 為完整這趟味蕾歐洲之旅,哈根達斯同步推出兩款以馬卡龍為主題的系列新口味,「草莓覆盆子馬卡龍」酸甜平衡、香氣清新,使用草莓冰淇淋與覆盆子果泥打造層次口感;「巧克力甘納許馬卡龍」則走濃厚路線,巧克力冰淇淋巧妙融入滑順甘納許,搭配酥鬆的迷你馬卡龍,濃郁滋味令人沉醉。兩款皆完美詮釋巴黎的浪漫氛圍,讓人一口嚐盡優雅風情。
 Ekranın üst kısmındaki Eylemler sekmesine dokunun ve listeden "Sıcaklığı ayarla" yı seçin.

....

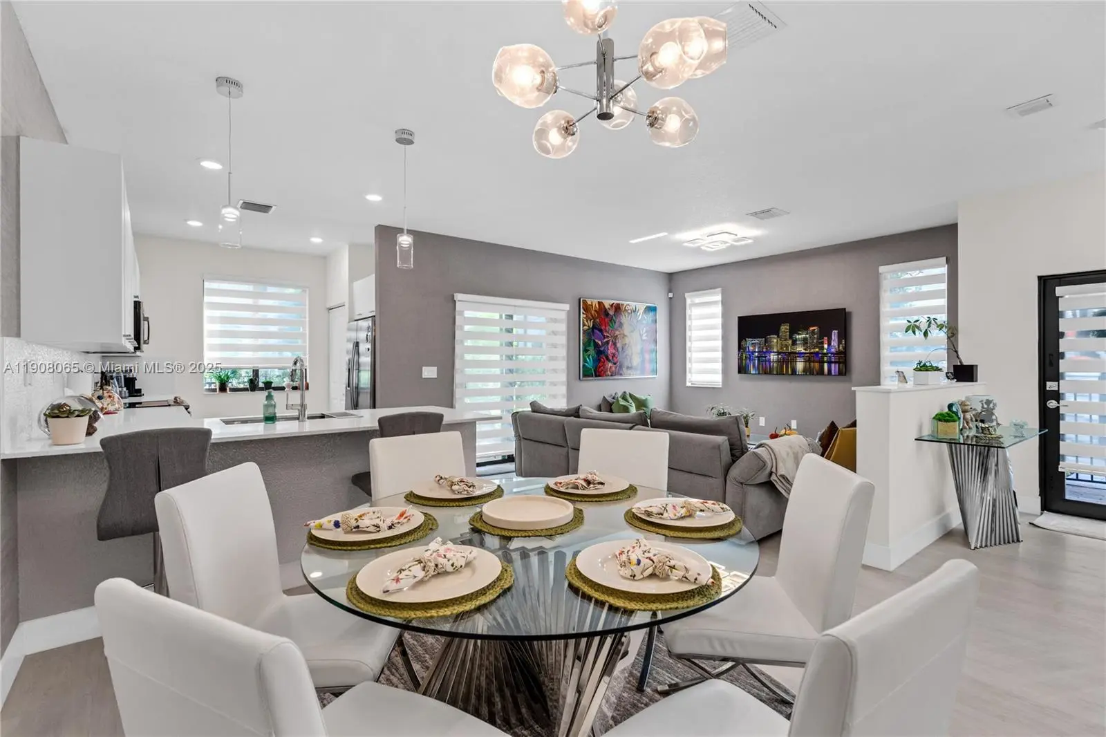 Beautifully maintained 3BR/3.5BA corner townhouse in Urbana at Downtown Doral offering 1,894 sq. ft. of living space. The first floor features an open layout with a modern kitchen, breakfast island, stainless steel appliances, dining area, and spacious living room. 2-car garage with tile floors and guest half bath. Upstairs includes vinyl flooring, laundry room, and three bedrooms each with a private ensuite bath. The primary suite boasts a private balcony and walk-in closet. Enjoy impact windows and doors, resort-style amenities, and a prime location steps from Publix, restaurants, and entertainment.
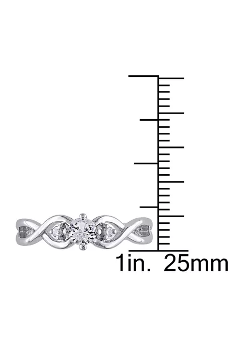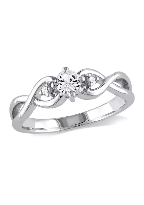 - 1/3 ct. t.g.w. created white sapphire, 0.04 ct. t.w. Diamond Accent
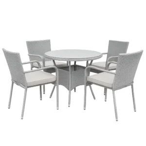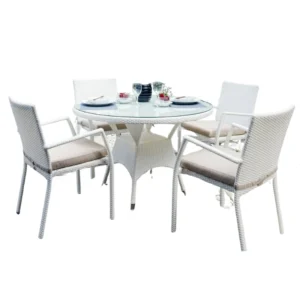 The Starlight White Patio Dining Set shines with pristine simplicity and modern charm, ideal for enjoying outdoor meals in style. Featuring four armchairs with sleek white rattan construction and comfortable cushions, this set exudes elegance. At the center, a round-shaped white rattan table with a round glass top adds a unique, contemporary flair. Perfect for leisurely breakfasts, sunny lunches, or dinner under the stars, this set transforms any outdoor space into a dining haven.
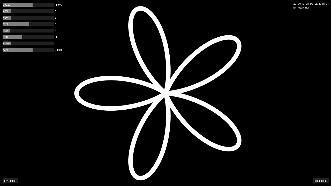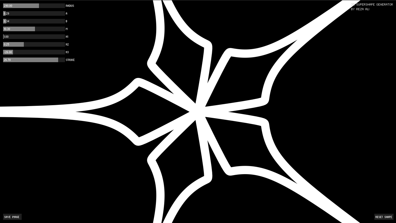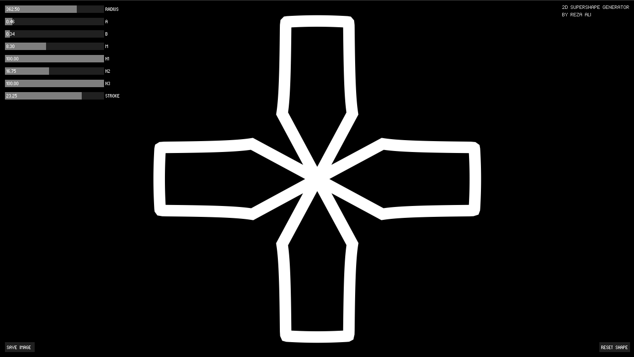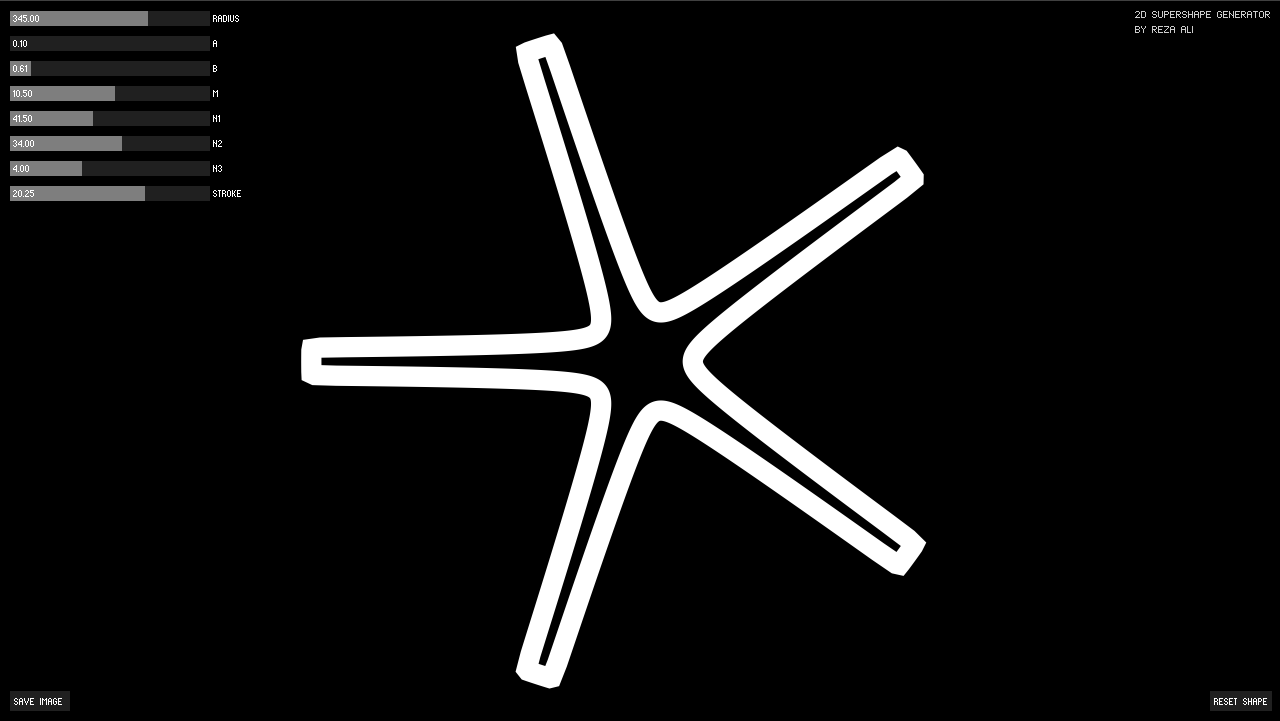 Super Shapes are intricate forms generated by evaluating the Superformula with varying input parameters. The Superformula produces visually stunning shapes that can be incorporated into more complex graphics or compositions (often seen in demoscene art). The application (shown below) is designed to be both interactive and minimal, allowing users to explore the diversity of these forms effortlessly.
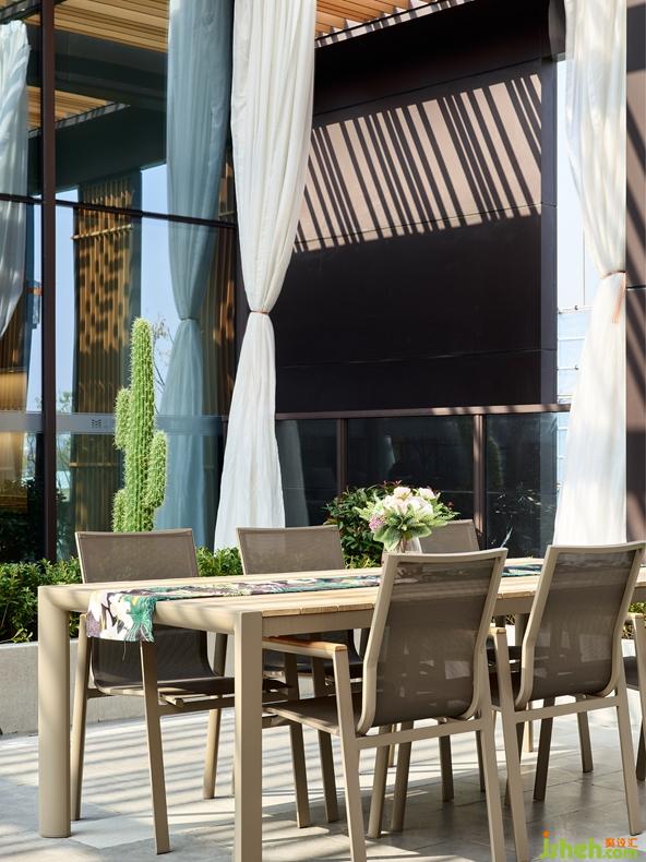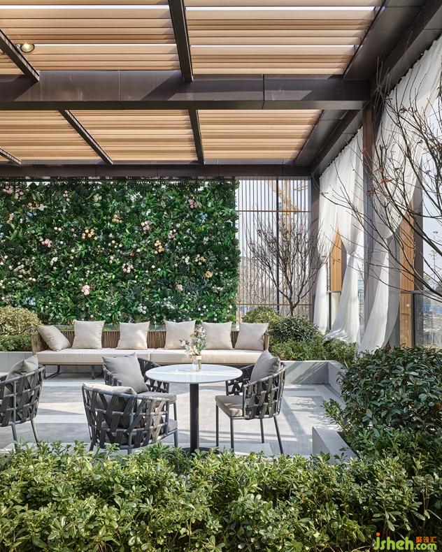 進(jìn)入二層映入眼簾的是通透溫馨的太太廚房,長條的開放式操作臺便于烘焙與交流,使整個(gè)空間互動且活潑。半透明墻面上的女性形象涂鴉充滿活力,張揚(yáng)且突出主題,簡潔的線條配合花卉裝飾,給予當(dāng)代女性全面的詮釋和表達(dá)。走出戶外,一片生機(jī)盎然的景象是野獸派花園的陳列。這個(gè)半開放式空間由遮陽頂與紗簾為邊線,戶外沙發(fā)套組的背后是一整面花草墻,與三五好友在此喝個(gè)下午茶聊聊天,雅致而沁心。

....

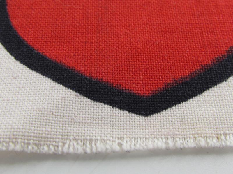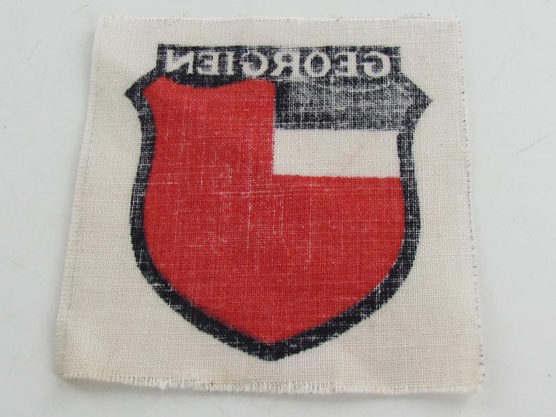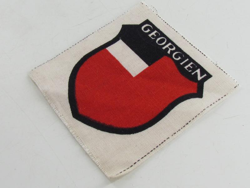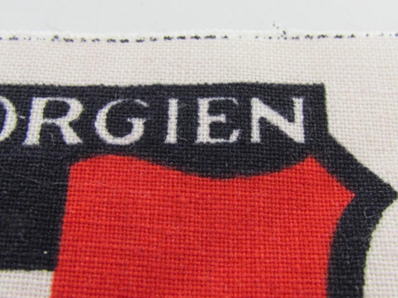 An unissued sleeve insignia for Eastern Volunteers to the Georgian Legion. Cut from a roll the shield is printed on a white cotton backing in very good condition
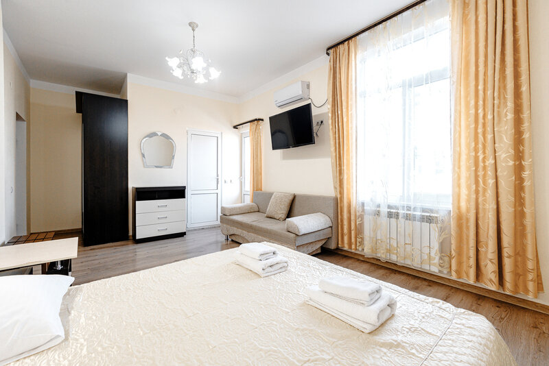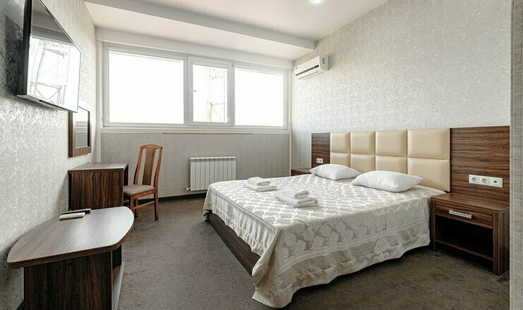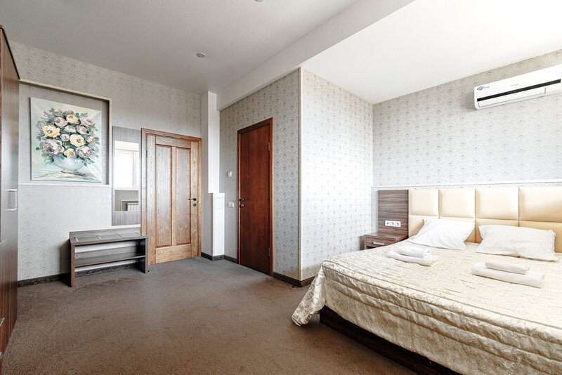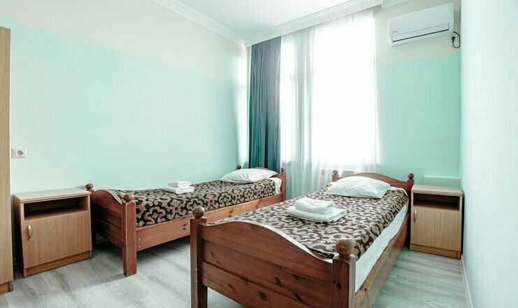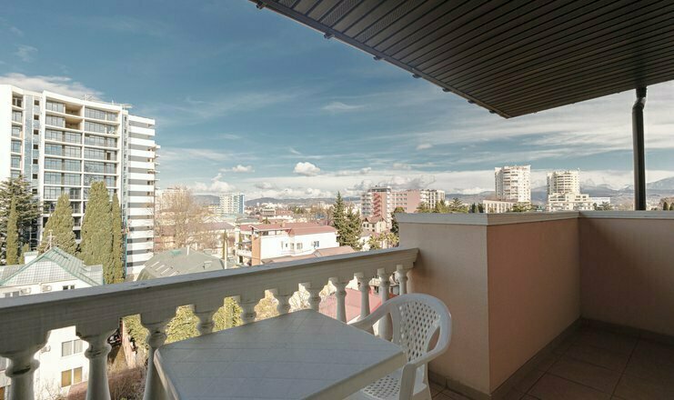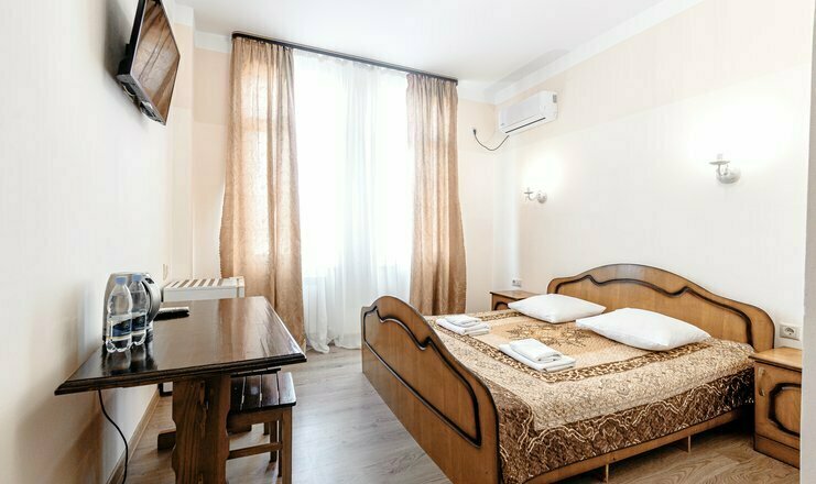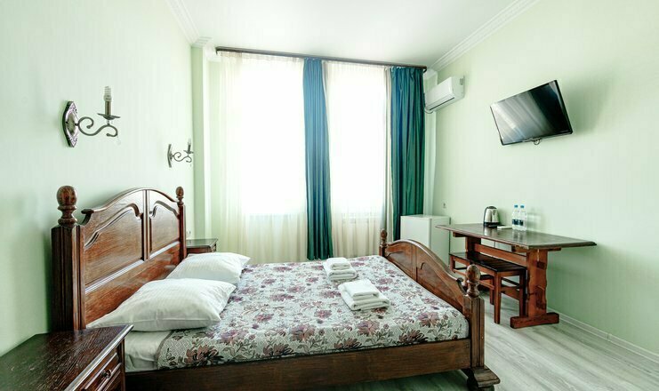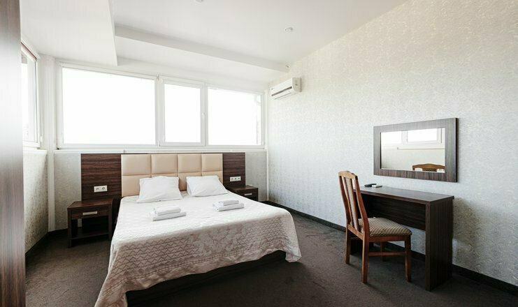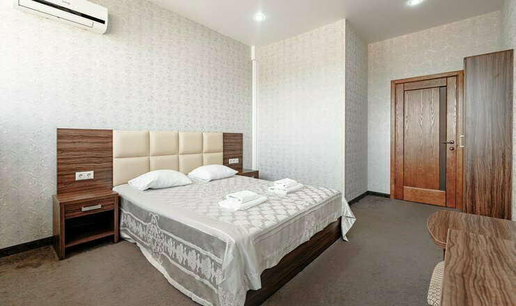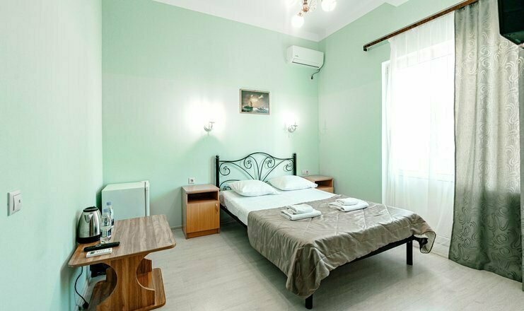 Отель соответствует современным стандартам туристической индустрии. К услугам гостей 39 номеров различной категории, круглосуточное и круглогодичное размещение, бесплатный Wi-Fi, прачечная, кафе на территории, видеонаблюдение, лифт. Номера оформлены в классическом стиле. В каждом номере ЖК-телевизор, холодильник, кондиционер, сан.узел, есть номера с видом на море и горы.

....

> _ASSIGNMENT_
Above are entries with pictures among them. Write out exactly the lines from the one containing "Beautifully maintained 3BR/3.5BA" through the one containing "The Starlight White", ends included, and leave those pictures out.

> _EXPECTED ANSWER_
 Beautifully maintained 3BR/3.5BA corner townhouse in Urbana at Downtown Doral offering 1,894 sq. ft. of living space. The first floor features an open layout with a modern kitchen, breakfast island, stainless steel appliances, dining area, and spacious living room. 2-car garage with tile floors and guest half bath. Upstairs includes vinyl flooring, laundry room, and three bedrooms each with a private ensuite bath. The primary suite boasts a private balcony and walk-in closet. Enjoy impact windows and doors, resort-style amenities, and a prime location steps from Publix, restaurants, and entertainment.
 - 1/3 ct. t.g.w. created white sapphire, 0.04 ct. t.w. Diamond Accent
 The Starlight White Patio Dining Set shines with pristine simplicity and modern charm, ideal for enjoying outdoor meals in style. Featuring four armchairs with sleek white rattan construction and comfortable cushions, this set exudes elegance. At the center, a round-shaped white rattan table with a round glass top adds a unique, contemporary flair. Perfect for leisurely breakfasts, sunny lunches, or dinner under the stars, this set transforms any outdoor space into a dining haven.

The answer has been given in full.